Vibrio cholerae, superintegron, core genes, unique genes

Introduction

Vibrio cholerae is a diverse, environmental, gram-negative bacterial species that can be pathogenic and can cause cholera, a severe diarrheal disease that occurs most frequently in epidemic form1,2. The V. cholerae genome consists of two chromosomes. The largest chromosome of 2.96 Mbp encodes most essential genes. The 1.07 Mbp small chromosome contains few essential genes and the superintegron (SI), a large gene capture and excision system of ~120 kbp2 (Figure 1). The SI is characterized by a site-specific integrase gene (IntI4) closely associated with a cognate recombination site attI and a promoter Pc followed by a large array of gene cassettes. Within the SI, the gene cassettes generally consist of a promoterless open reading frame (ORF) flanked by two recombination sites termed V. cholerae repeats (VCRs)3. Cassettes can be excised from any position in the array through VCR × VCR recombination mediated by the integrase. The resulting circular intermediate can then be integrated, preferentially through attI × VCR recombination by the integrase, bringing the cassette under control of Pc4,5. Since gene cassettes are usually promoterless, only the first few cassettes are expressed by Pc and the rest of the array can be seen as a reservoir of standing genetic variation5.

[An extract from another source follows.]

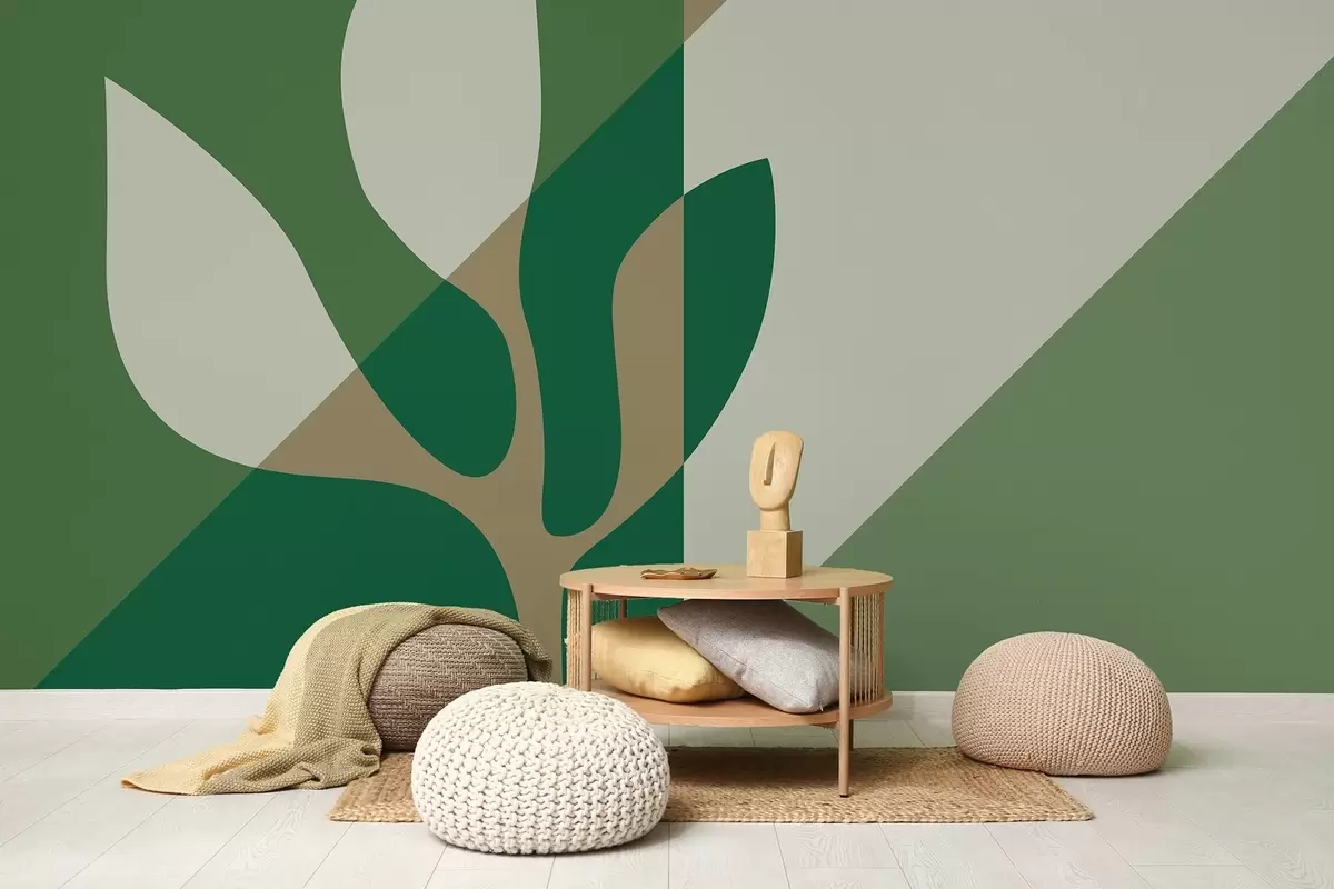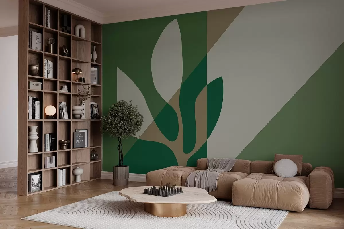 Fototapet plantă abstractă grafică pe fundal de geometrie în culori verde și ocru Nr. w04028

2ee9b1a5-020e-4bde-bd25-d1de78d31e04_figure1.gif

Figure 1. Schematic organization of the Vibrio cholerae genome and the superintegron (SI).

The functional platform of the SI consists of an integrase gene, a cassette promoter (Pc), and a primary recombination site (attI). The system maintains an array of several cassettes, which generally consist of a promoterless ORF flanked by two recombination sites termed VCR (V. cholerae repeats).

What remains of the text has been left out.